Siriwardana also discussed the often raised issue of whether ISBs caused the debt crisis. In fact, the government at the time made a conscious decision to raise additional funds amounting to USD 2.4 billion in long term ISBs to ensure Sri Lanka would have sufficient reserve buffers to get through a period of volatility amidst the election cycles of 2019 and 2020, Siriwwardana said. ” There have been claims that this increase in ISB borrowings was a cause of the debt crisis – however in reality, it was the additional reserve buffers created by those ISBs that enabled the government to avoid a crash in the economy during the worst of the COVID-19 pandemic.
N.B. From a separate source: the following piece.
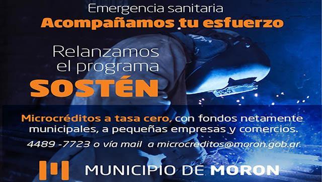 El Municipio de Morón anunció un paquete de medidas económicas frente a la situación sanitaria. Entre ellas, informó que sigue en vigencia el Programa SOSTÉN. El mismo busca preservar puestos de trabajo y reducir el impacto ocasionado por la pandemia de Covid-19, otorgando microcréditos a tasa cero de $25.000 y $30.000, a ser devueltos en 10 cuotas sin interés.

“The government maintained primary surpluses in 2017 and 2018, indicating that the ISB borrowings were not driven by budget deficits, but in order to build up reserves and to improve the quality of reserves by converting maturing short-term debt into longer-term stable instruments such as ISBs and syndicated loans. The fundamental drivers of the economic crisis were fiscal and debt unsustainability, whereas ISBs were just one of many financing instruments.”
Siriwardana said: “There have been various theories as to what caused the economic crisis, including the COVID-19 pandemic, ISB borrowings, the Debt Standstill policy. However, the fundamental cause has been long-standing macroeconomic vulnerabilities and domestic policy errors. There have also been various alternative proposals and theories as to how the country can recover without the citizens having to bear a burden. But, we have seen today that measures such as asset recovery, collection of taxes in arrears, and elimination of corruption, while all being essential actions, do not serve as an alternative to the macroeconomic reforms being implemented today. Those are reforms that were known to all of us for years if not decades. But, those much-needed reforms were delayed mainly due to political reasons. In the past, and up to now, the present generation lived a better life by borrowing thereby sacrificing the lives of the future generations.
“However, it is critical to understand that now we have come to a situation where the present generation should make sacrifices for the betterment of the lives of the future generations.”